This is going to be a remarkably brief review, but I'm still going to do my best to convey exactly how bad this film is. It's presented by its producer, Roger Corman -- famous for some semi-bad things like Death Race and the 1960s version of Little Shop of Horrors, and a film I've mocked previously, Time Under Fire.
Sharktopus has a fairly loose storyline, governed largely by the instruction to show, as often as possible, a literally unbelievable creature eating as many people as possible.
Eric Roberts (older brother of Julia) "stars" as Sands, the father of Nicole, reluctant creator of the Sharktopus. The creature is a military creation, intended as a tracking device, or at least that's the best I can figure from the film's limited exposition. It's given the code name "S11", by which it's constantly referred to, probably due to the realization that "Sharktopus" is the stupidest word ever coined.
Toss into the mix a Lara Croft knock-off news reporter and her stereotypical Mexican camera man (complete with inconsistent Sharpie tattoos that change from scene to scene), and a few scattered bit parts by terrible actors, and you have the closest thing to a story that Sharktopus has to offer.
I'm going to bullet-point some of the highlights, in no order in particular:
- The majority of the film's intro and establishing shots appear to have been lifted from the holiday home videos of the crew. Every single one features dodgy hand-held camera shake, and several shots dim and brighten under auto exposure. Nice!
- The bulk of the "actors" were clearly hired for their physique, and not their acting talents. With a couple of notable exceptions --
- The bikini-clad young lady with the metal detector who gets dragged down the beach by the Sharktopus may possibly not have been born a woman.
- Roger Corman's daughter makes an appearance as a bungee-jumper. It's worth noting that she was probably not hired for her looks, and definitely was not hired for her acting talents.
- Some of the Shaktopus visual effects are decent, if let down by the ridiculous design of the (ridiculous) creature. Other shots, though, look like they've been rendered out on a Nintendo 64.
- Eric Roberts (Julia's older brother) spends most of the film getting progressively drunk as a means of dealing with the ludicrous situation. I suspect that this may not be acting, and I can imagine Mr. Roberts probably had similar feelings about the ludicrous film he was making. I do hope he was paid well.

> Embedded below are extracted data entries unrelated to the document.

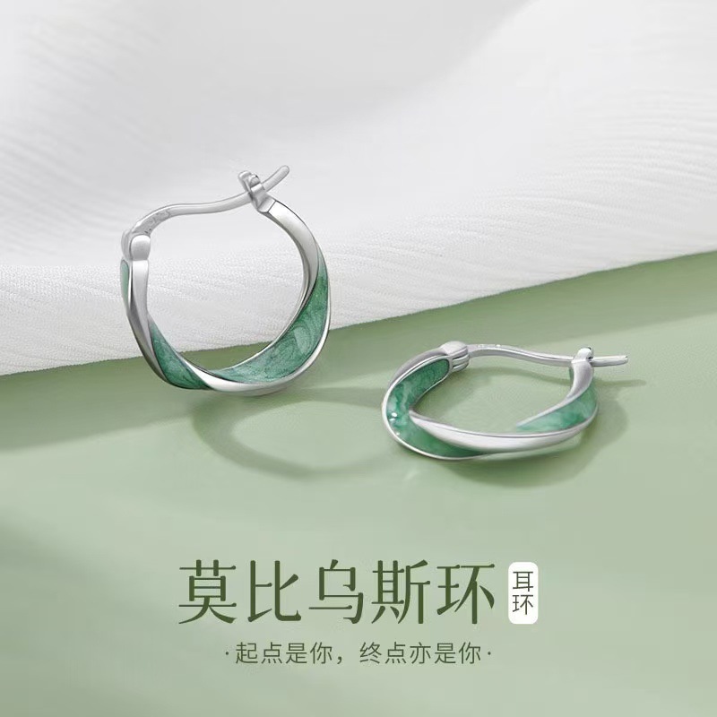 Mobius Ring 999 Sterling Silver Earrings Women's Earrings New Niche High-end Earrings Birthday Gift for Girlfriend
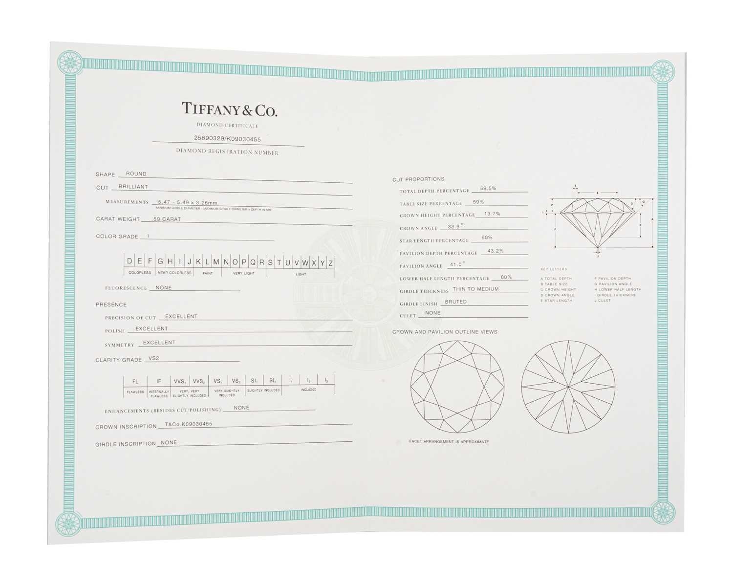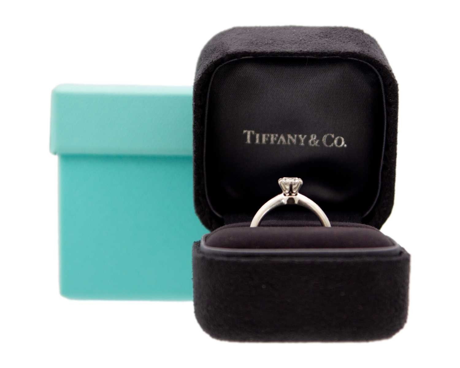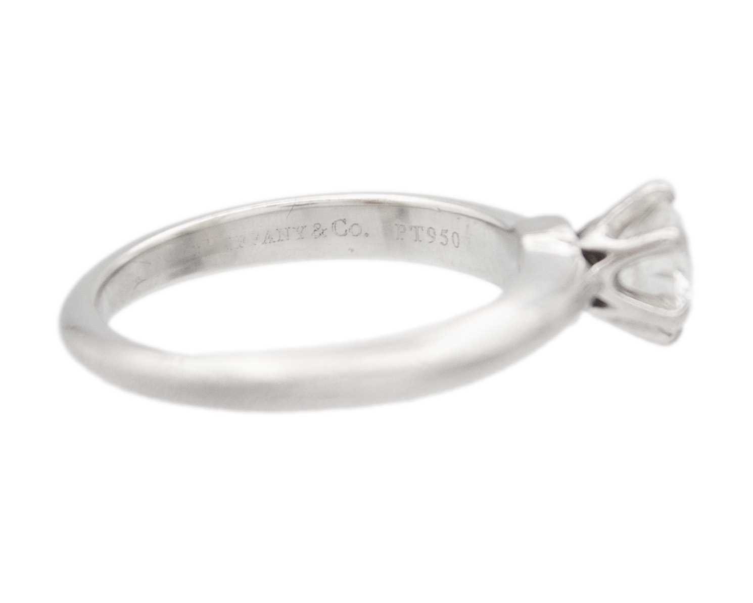 TIFFANY & CO - A good platinum 0.59ct diamond solitaire ring with certificate and box. The six-claw set diamond is assessed as 0.59ct, VS2 clarity and colour I, the ring is signed 'Tiffany & Co.', PT950, serial number 25890329, size J1/2, total weight 5.27g. No chips on a diamond, the shank has abrasions, good used condition.
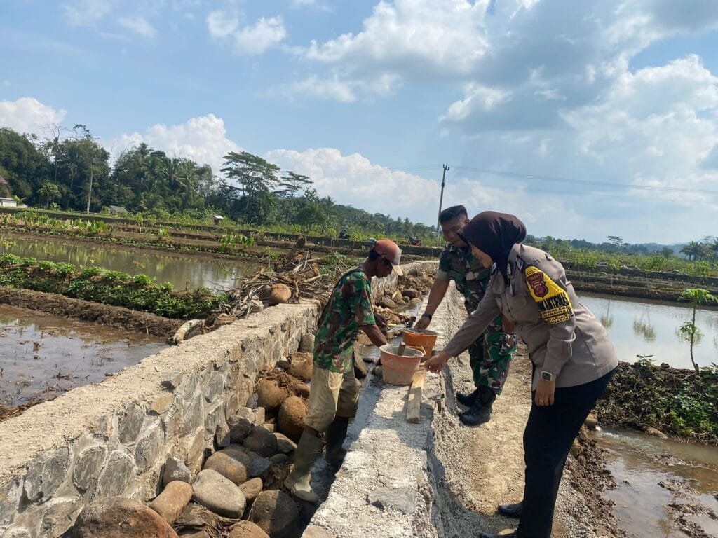 CIAMIS ~ Personel Polsek Ciamis Polres Ciamis Polda Jabar secara humanis melaksanakan koordinasi dan komunikasi sekaligus pemantauan kegiatan rehabilitasi saluran irigasi Citapen. Pembangunan itu dilaksanakan di wilayah Citapen, Desa Mekarjadi, Kecamatan Sadananya, Kabupaten Ciamis, Jawa Barat, Rabu (3/7/2024).
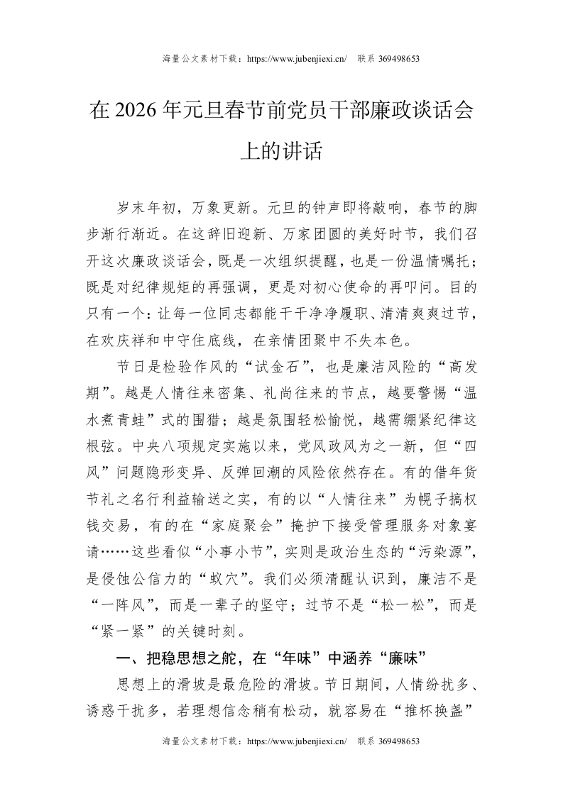 在2026年元旦春节前党员干部廉政谈话会上的讲话
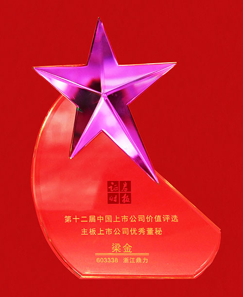 8月12日,由证券时报主办的新时代 新动能 新价值第十二届中国上市公司价值论坛暨颁奖典礼在青岛隆重举行,会上揭晓了第十二届中国上市公司价值评选各奖项榜单。浙江鼎力凭借出色的综合实力,荣获中国主板上市公司价值百强;董事会秘书梁金获评中国主板上市公司优秀董秘。
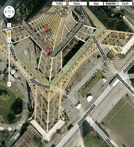 http://maps.google.com/maps?f=q&source=s_q&hl=en&geocode=&q=eiffel+tower&sll=37.0625,-95.677068 &sspn=48.909425,72.333984&ie=UTF8&hq=Tour+Eiffel&hnear=Tour+Eiffel,+Quai+Branly,+75007+Paris,+Ile-de-France,+France&ll=48.857942,2.294748&spn=0.001249,0.002207&t=h&z=19 |
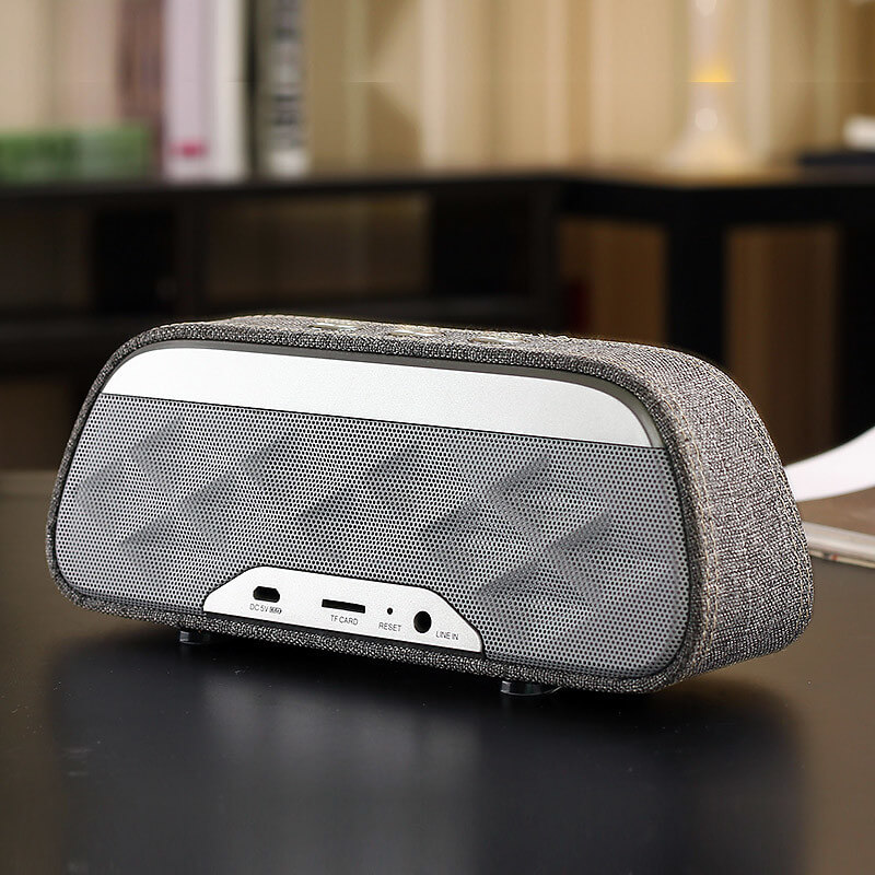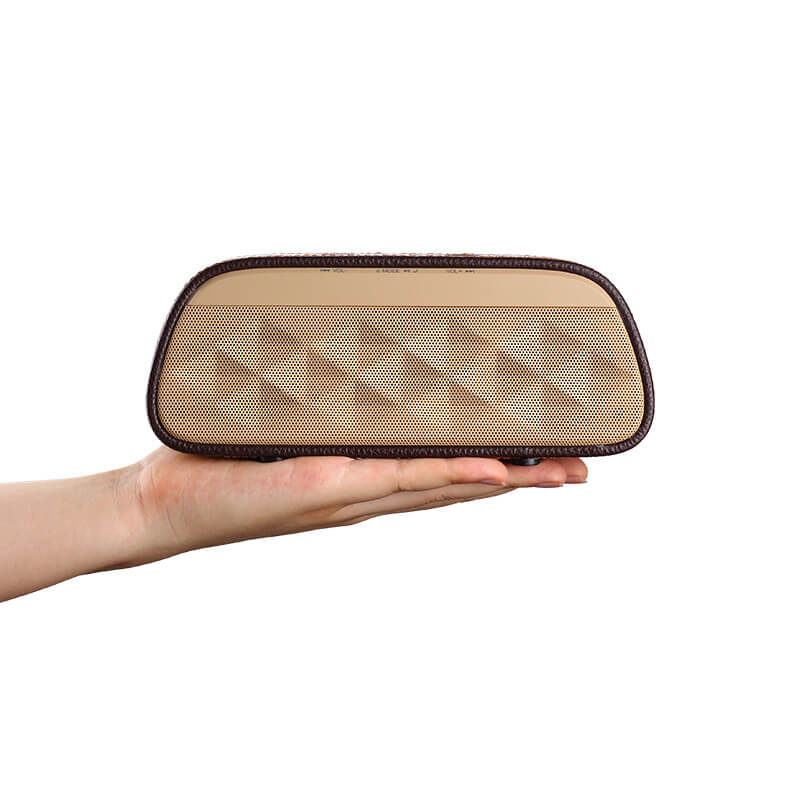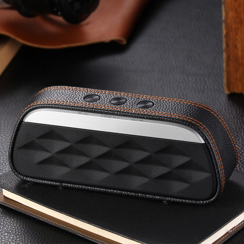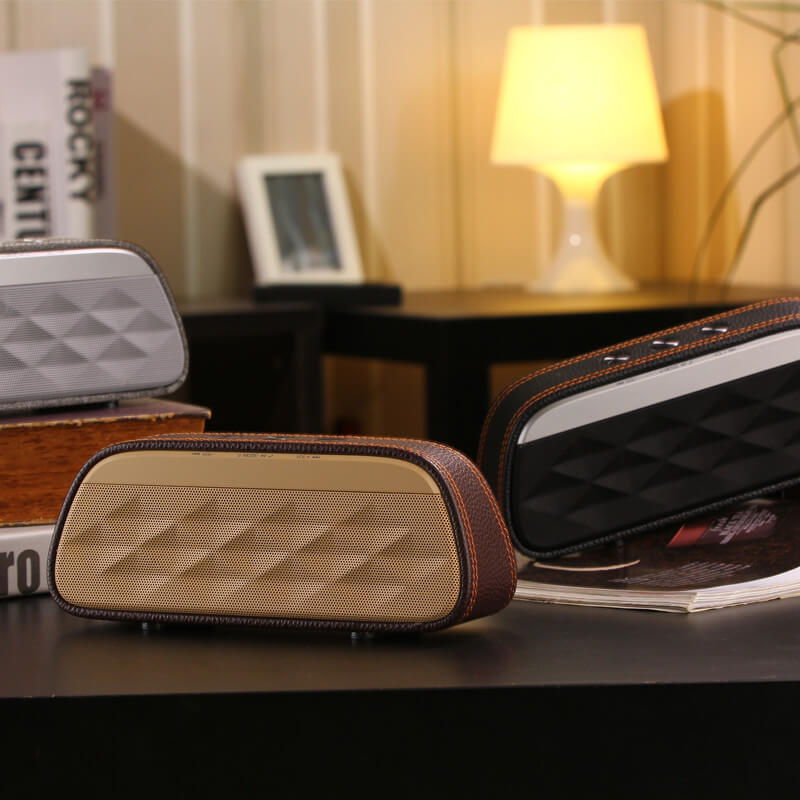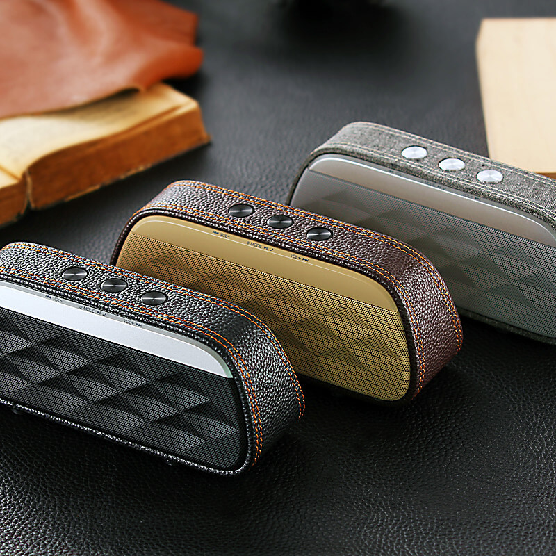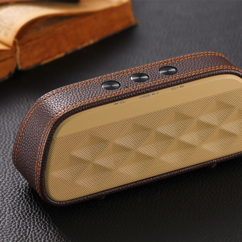 Originální a luxusně vypadající Bluetooth reproduktor zaujme na první pohled i poslech. O kvalitní přehrávání hudby se postará luxusní bezdrátový reproduktor, který se svým chytrým zařízením spojíte pomocí technologie Bluetooth 3.0 s EDR pro zrychlení přenosu a dosahem až 10 metrů. Bezdrátový reproduktor má k dispozici také slot pro micro SD / TF kartu. Díky kapacitě baterie 1200 mAh vydrží přehrávat poměrně dlouhou dobu. Specifický design je zapříčiněn promyšlenou kombinací plastového materiálu, imitace kůže a textilu. Aby byl výsledek ještě o kousek lepší a více originální, můžete si objednat svůj vlastní potisk.

- Kerem Bursin spends most of the film confused as to why his shirt keeps disappearing and reappearing, as continuity had clearly taken the day off while his scenes on the boat were filmed.
- The spectators at the inexplicable dance scenario toward the end of the film are apparently totally blind to the shark/octopus hybrid that climbs atop the pavillion until it begins to eat people.
- Almost all of the Jaws-style scenes in which a random beachgoer is killed by the monster are completely disjointed, and really serve no purpose to the storyline (although I'm willing to accept that they are the storyline).
All in all, I don't feel my time was wasted watching it, as it was entertaining for all the wrong reasons, but I'm afraid I can't, in good conscience, recommend it to anyone, as quite frankly it's a stinking pile of bilge, and shouldn't be cast onto the retinas of a human being under any circumstances. That said, I'm sat prepared to watch another Roger Corman entry tonight: Camel Spiders. I can only imagine it'll be awesome.